One-on-ones are where leaders either build trust or build resignation. Most one-on-ones fail because they are treated as a ritual: same questions, same shallow answers, no movement. A stoic intervention is to treat the one-on-one as a coaching session, not as administrative work.
Here is my practical 20-minute structure: 5 minutes: what matters this week, in your words; 10 minutes: one problem, one decision, one next step; 5 minutes: development, skill, scope, ownership. And the questions that create motion:
“What are you avoiding?”
“What would good look like in two weeks?”
“Where do you need my protection, where do you need my push?”
“What is the smallest commitment you can make today?”
If you talk 90 percent of the time, it is not a one-on-one; it is a lecture.
👉 Mentoring advice for leaders: “Two weeks” is actually way too long, but I understand that most of you don’t have the structure right now to talk to everyone every day. But remember, the best teams work directly together. So in a team, these kinds of conversations must happen daily and shouldn’t be One-on-ones per se.
7. The discipline: train it like a craft
People ask for the perfect ratio of talking and listening. I do not believe in a golden number; I believe in a golden rule: if there is no exchange, there is no communication. Here is the practical habit that changes everything.
Record yourself, not to become an influencer, but to become observable to yourself. Record a 60-second clip answering one prompt: “What is the journey we are on right now?” Then watch it back. Do you have a clear frame? Do you have stakes? Do you invite feedback; do you end with a commitment?
Add the timer. Give yourself 90 seconds, then 60. You will feel pressure; that is the point. Under pressure, you speak as you were trained.
Add reality. Exchange one recording with one person; give each other feedback. This trains the feedback loop, not just your monologue.
8. The failure modes I still catch in myself
I am not writing this from a pedestal; I still catch myself drilling. The common failure modes are predictable, and so are the interventions. If you over-talk, ask a question every 60–90 seconds. If you do fake dialogue, reflect what you heard before adding your view. If you over-index on empathy and lose stance, state the decision and the why, then invite critique. If cameras are off and you lose signal, make check-ins explicit, summarize, and ask for confirmation.

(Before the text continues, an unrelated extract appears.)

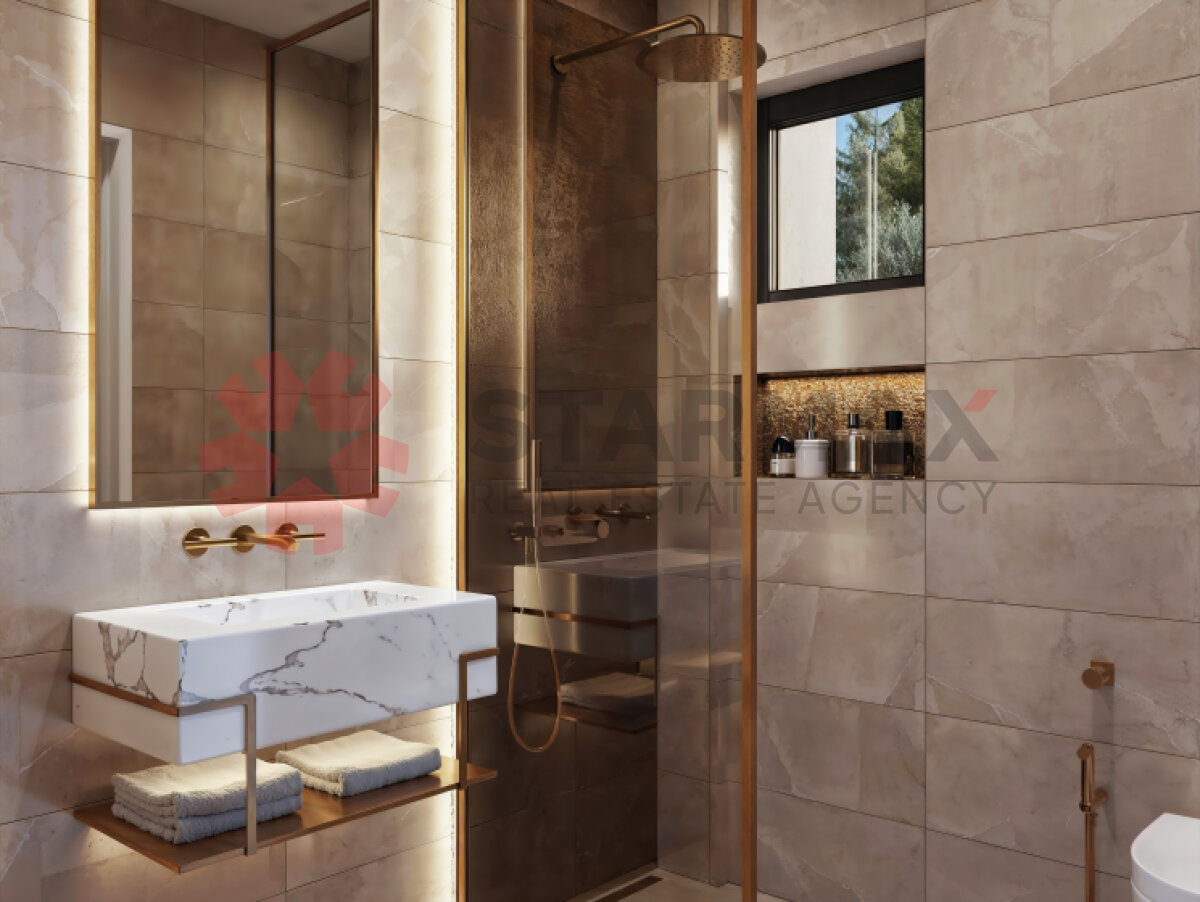 The 142 m² villa features two bedrooms, four bathrooms, and a separate 1 bedroom guest room, an open-plan modern kitchen, floor-to-ceiling glass doors, air conditioning, smart home compatibility, and a solar-powered water heating system.

👉 Make it visible to yourself, so you can become aware of your mistakes and shortcomings. Only by doing that do you get the chance to accept who and how you are. Then dare to make a change. It’s the same practise like champions train for their competitions.
9. The stoic standard
it is being calm so you can be precise.
Stoic Tech Leadership is not being calm for aesthetics; it is being calm so you can be precise. Your job is to create shared meaning that enables motion.
That requires story, voice, empathy, and discipline.
Stop drilling; start leading. Here is the simplest test.
After you speak, can the other person respond in a way that changes the shared map? If yes, you communicated. If not, you delivered a monologue.
—Adrian
https://en.wikisource.org/wiki/Page%3ADiscourses_of_Epictetus_volume_2_Oldfather_1928.djvu/527






In most industries, majority of meetings are absolutely useless. A way for people to massage their egos, tick the box to say 'we discussed this' like an audit trail etc. This post is spot on. Communication requires an uplift, we need to get better at bringing people together, listening to each other actively vs just as show.
Love the system you have designed! Think it needs to be viral!